4) You update the journal to indicate that the data is written fully
(if a failure happens here, do the same thing as step three)

That's how I would implement a journaling file system, anyway.
posted by delmoi at 4:05 PM on April 10, 2007

I think you're right about transactional integrity. (your (b))

Also, Data can be lost after a system crash, but with the journaling switched on, you can easily compare the journal (from the last good entry) with the filesystem and quickly fix any errors.

I guess that because a journal doesn't have a random write element and it only contains one file, it'll have a simpler file system and be less likely to suffer corruption on a system crash. (i.e. There's no File Allocation Table and no chance that the data before the last marked good transaction is incorrect)
posted by seanyboy at 4:24 PM on April 10, 2007

Link for my second point
posted by seanyboy at 4:27 PM on April 10, 2007

Writing the journal is definitely susceptible to the same issues as writing data to the disk. In fact from the HD's point of view it's just data. Journaling doesn't protect your (new) data, it just prevents inconsistencies.
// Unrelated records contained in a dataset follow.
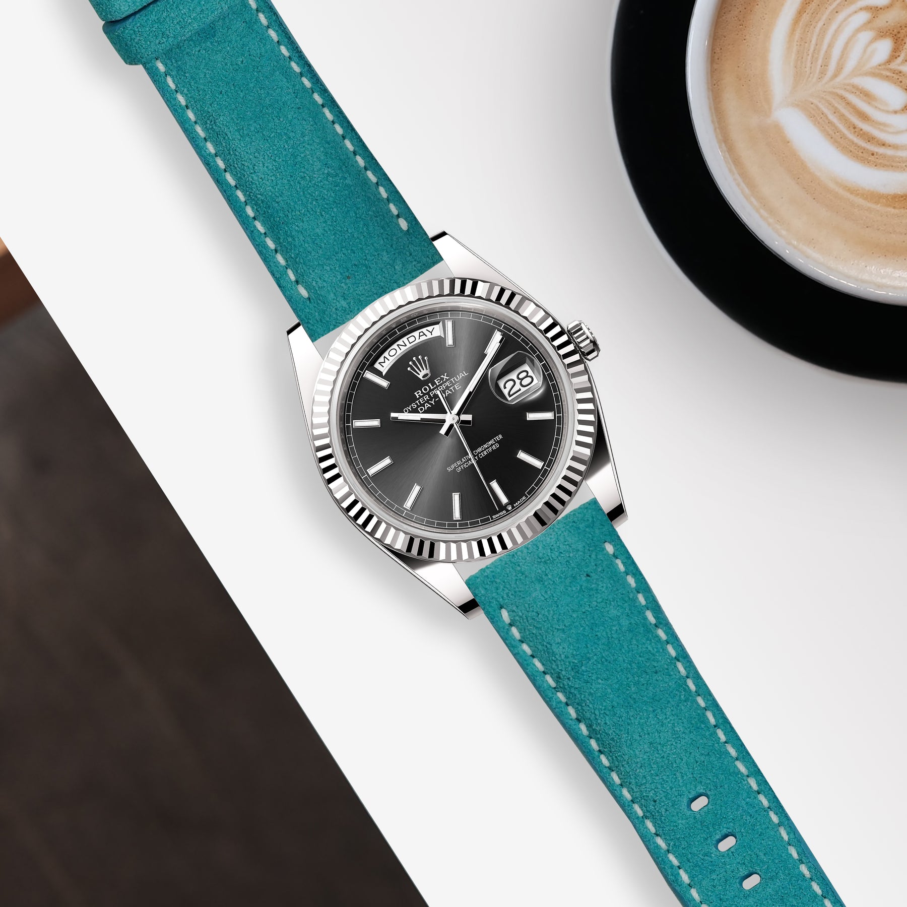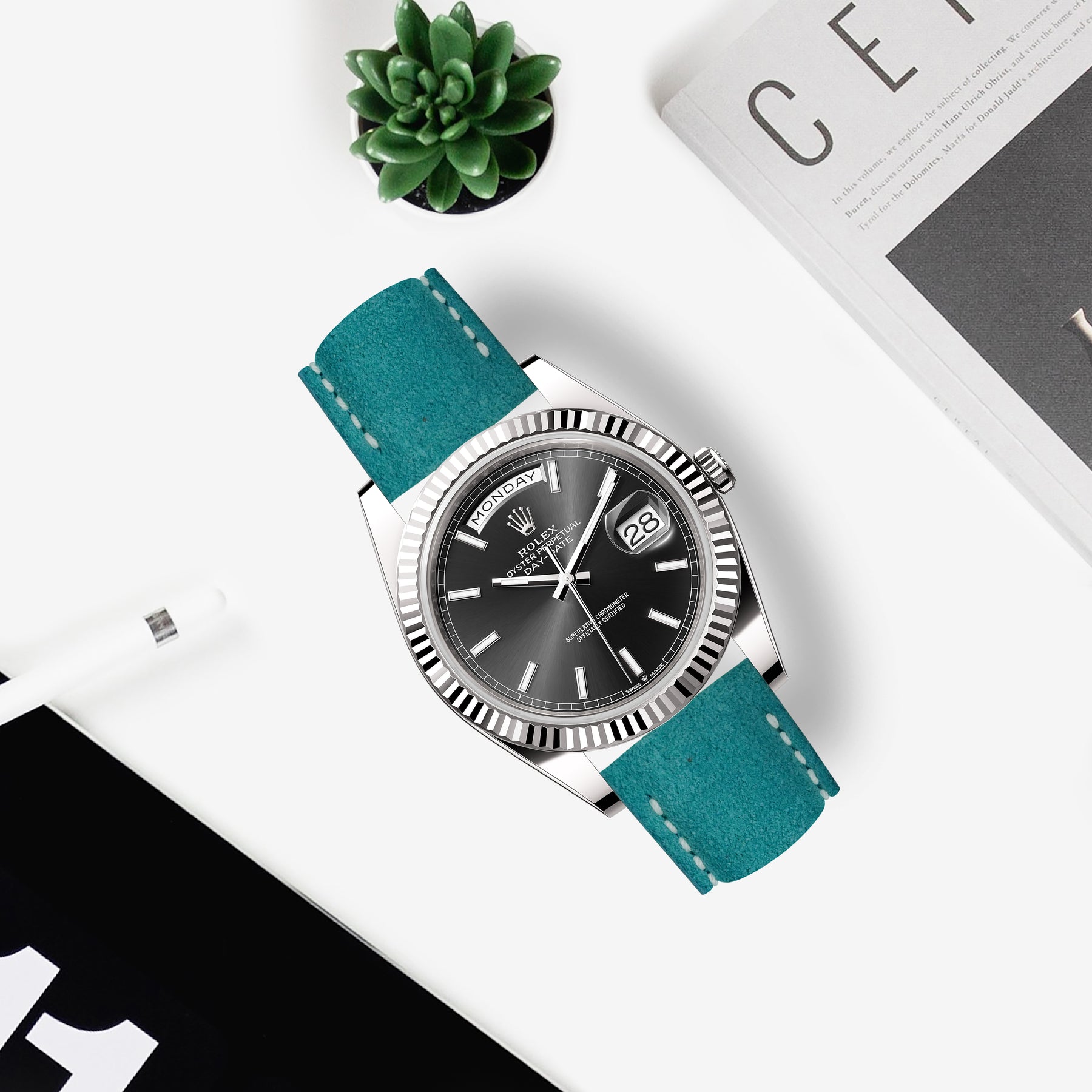 Rolex Daydate Straps - Suede Acqua
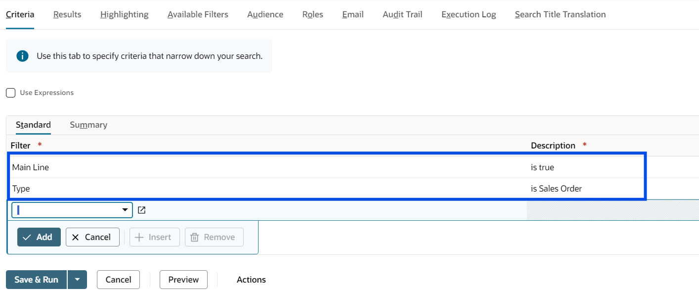 - Under Criteria subtab > Add filters to return only relevant records
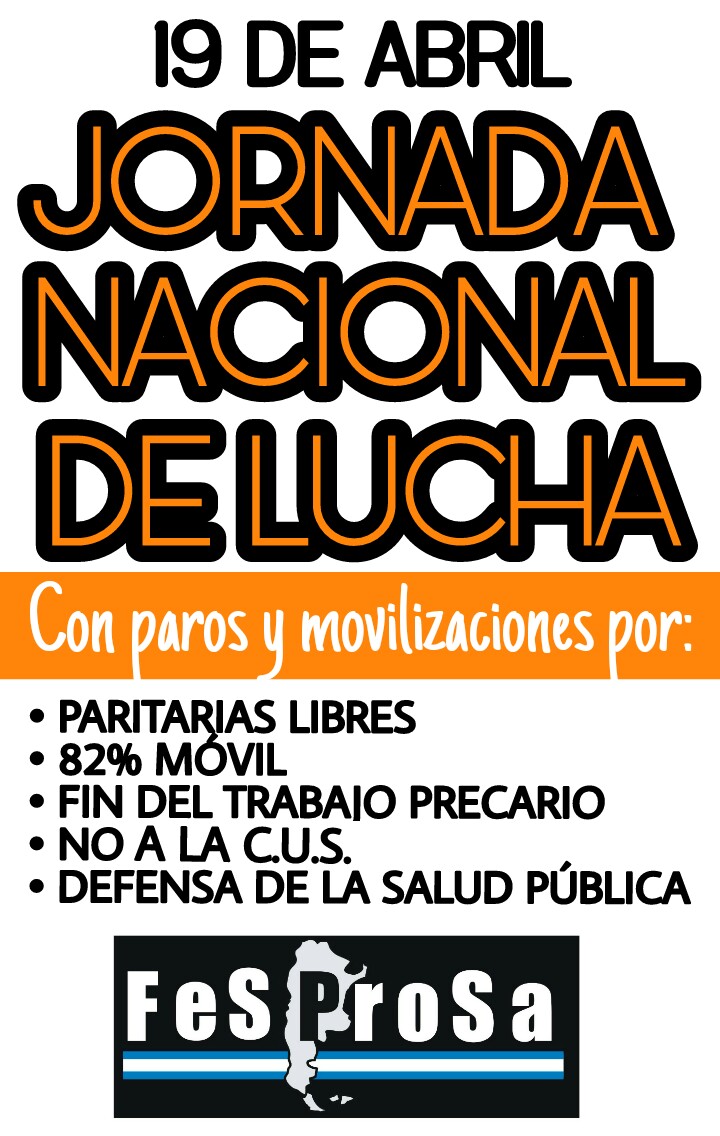 El Consejo Ejecutivo Nacional de la Federación Sindical de Profesionales de la Salud de la República Argentina (FESPROSA-CTA) convoca a Jornada de Lucha Nacional con paros y movilizaciones este miércoles 19 de abril, apoyando a sus regionales en conflicto, reclamando paritarias libres y sin techo, el 82 por ciento móvil para los jubilados del sector y el fin de la precarización laboral.
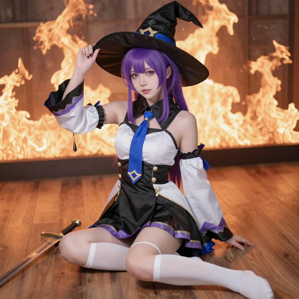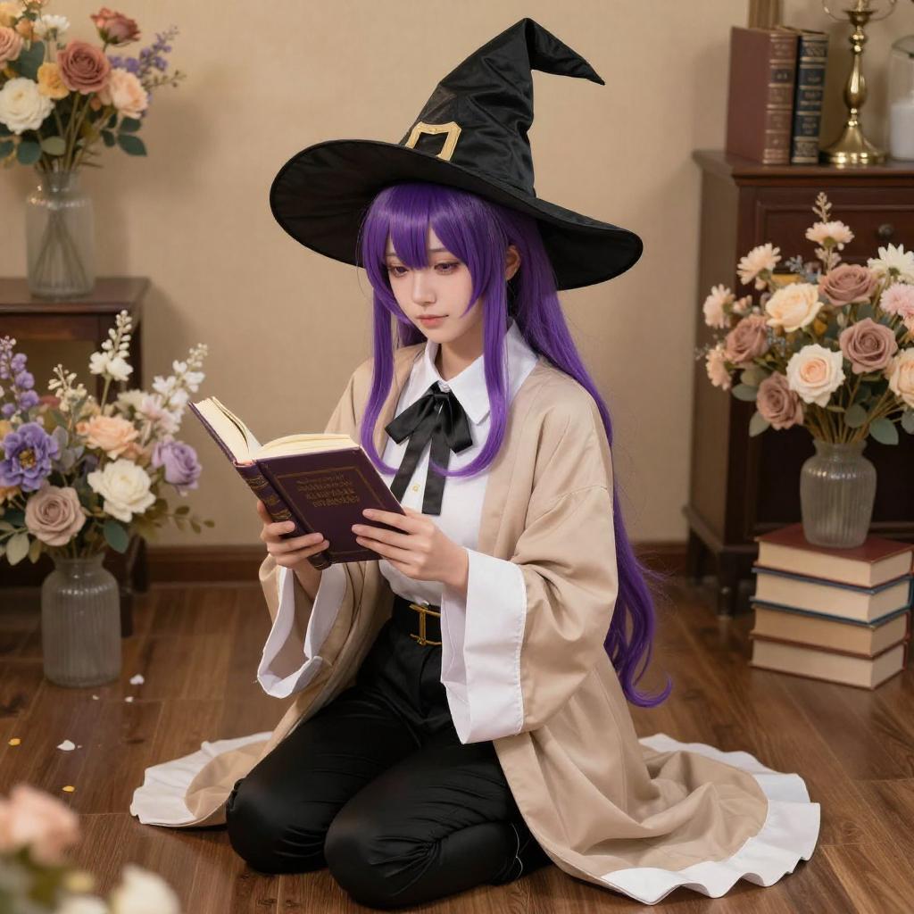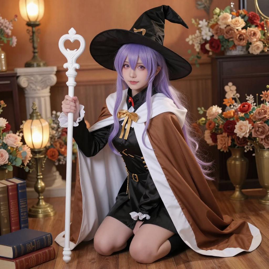 A young woman with light purple hair and fair skin, dressed in a white and blue wizard costume with a black hat, kneels on a wooden floor. She holds a white wand in her right hand, with books and a fireplace in the warm, lit background. Her expression is focused and slightly playful.
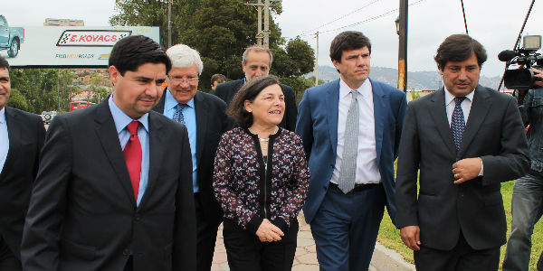 El Ministro de Transportes y Telecomunicaciones, Andrés Gómez-Lobo, la ministra de Vivienda y Urbanismo, Paulina Saball, y el Intendente regional, Ricardo Bravo, firmaron hoy el convenio para la ejecución del proyecto de conservación de la Avenida España, cuyo objetivo es mejorar las condiciones de circulación de la principal vía que conecta Valparaíso con Viña del Mar.
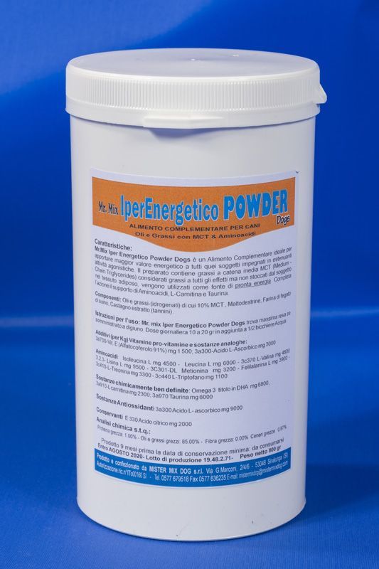 La Top Energy ha utilizzato l'esperienza di dietologi, tecnici e specialisti per raggiungere l'obiettivo: produrre un alimento composto integrato, completo, energetico e bilanciato di altissima qualità che fornisca tutte le sostanze nutritive essenziali per il fabbisogno ed il benessere dei cani, di tutte le taglie, che svolgono una normale o intensa attività fisica.
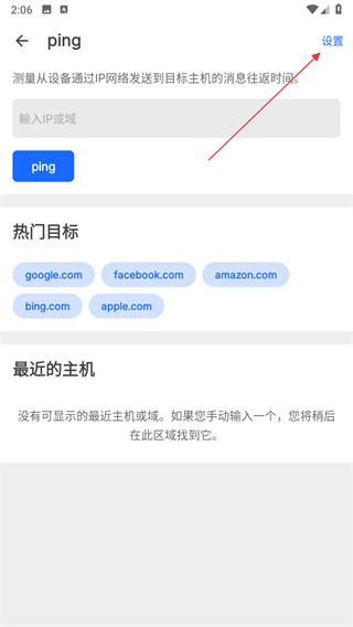 3、在ping页面,点击右上角设置。

I only remember this vaguely from my DB course in uni, but the basic premise is as follows (and there are a whole bunch of various strategies). You write to the journal before committing to disk. Once the data has been safely confirmed as being on disk we erase the record in the journal.

If a failure occurs while we're writing to the journal, the original data is still in a consistent state (basically unchanged) so we pretend like everything's fine (except that the new, pre-crash data that we were writing is lost).

Summary: journaling moves the point of failure elsewhere, which prevents crashes from messing up your filesystem.

I'm not a filesystem designer, but googling should get you more information on implementation particulars. I guess you could also take a look at kernel source, if ext3 or ReiserFS or something like that interest you.
posted by aeighty at 4:46 PM on April 10, 2007

The whole point of the journalling is to always leave the file system in a consistent state. So, yes, you might loose the update but the file system will always be in a totally consistent state.
posted by gadha at 4:46 PM on April 10, 2007

Yeah, journaling filesystems are about keeping the _filesystem_ (that is, the database of where your data is on disk) consistant, not necessarily the data itself.

The optimal situation is this:
1 - You perform a write to the filesystem. Blocks are changed, block allocations change, whatever. The filesystem changes are written to the journal.
2 - Once it's safely in the journal, it's commited to the filesystem.

If power is lost while the changes are being written to the journal, then no big deal. It'll never try to replay partial journal entries.

If power is lost while it's commiting changes from the journal to the filesystem, then big deal, because it'll just replay that journal entry again the next time the filesystem is mounted.
posted by Laen at 4:50 PM on April 10, 2007

I think the answer (from the possibilities outlined in your original post) is D.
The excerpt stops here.